Fig. 5 (A) SEM images of fresh and cycled LiFePO₄ electrodes; (B) TEM images of the cycled LiFePO₄ electrodes in different electrolytes.

To further study the microstructural changes on the surface of the LiFePO₄ electrodes with different electrolytes, TEM images were acquired in Fig. 5B. A thin and intact surface film surrounds the LiFePO₄ particles in the 0.4 mol L⁻¹ LiODFB-PP_13*TFSI/DMC electrolyte, and the thickness of the surface layer is about ranged 20 nm; while much imperfect surface films was formed on the LiFePO₄ particles in the other two electrolytes. TEM examination further confirms that a thin and stable surface film formed on the LiFePO₄ electrode with the electrolyte 0.4 mol L⁻¹ LiODFB-PP_13*TFSI/DMC during cycling.

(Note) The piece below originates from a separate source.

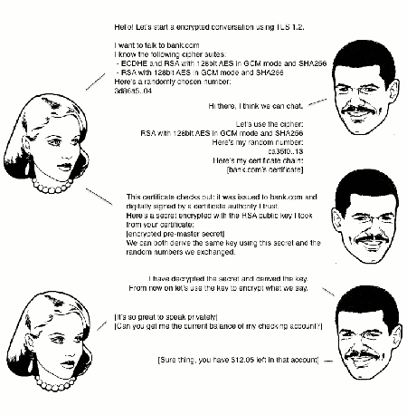 假定客戶端叫做愛麗絲,服務(wù)器叫做鮑勃,整個握手過程可以用下圖說明(點(diǎn)擊看大圖)。
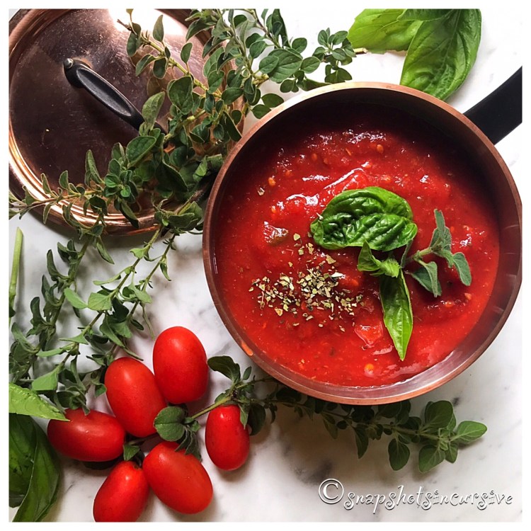 What’s Cooking in Gail’s Kitchen? The Food Whisperer: Original Marinara Sauce! Marinara isn’t just a fancy name for spaghetti sauce, it actually lacks one key ingredient that sets it apart. You guessed it: MEAT. Basically, marinara is a tomato-based sauce infused with herbs and spices. It can be prepared very easily in less than half an hour. Personally, I find it perfect for a meatless meal. I like chunks of tomatoes, the hint of garlic, and a slight kick of red pepper spice. Look again at the snapshot. Perhaps it’s time to make marinara at your house.

For the purpose of further clarification for the changes to the surface of the LiFePO₄ electrodes after 20 cycles in different electrolytes. Complementary information of chemicals distribution of the surface film on the cycled LiFePO₄ electrodes is studied by XPS patterns, as shown in Fig. 6.

Fig. 6 XPS patterns of cycled LiFePO₄ electrodes in the different electrolytes: (a) 0.1 mol L⁻¹ LiODFB-PP_13*TFSI, (b) 0.4 mol L⁻¹ LiODFB-PP_13*TFSI/DMC (8 : 2 v/v), (c) 0.4 mol L⁻¹ LiODFB-DMC.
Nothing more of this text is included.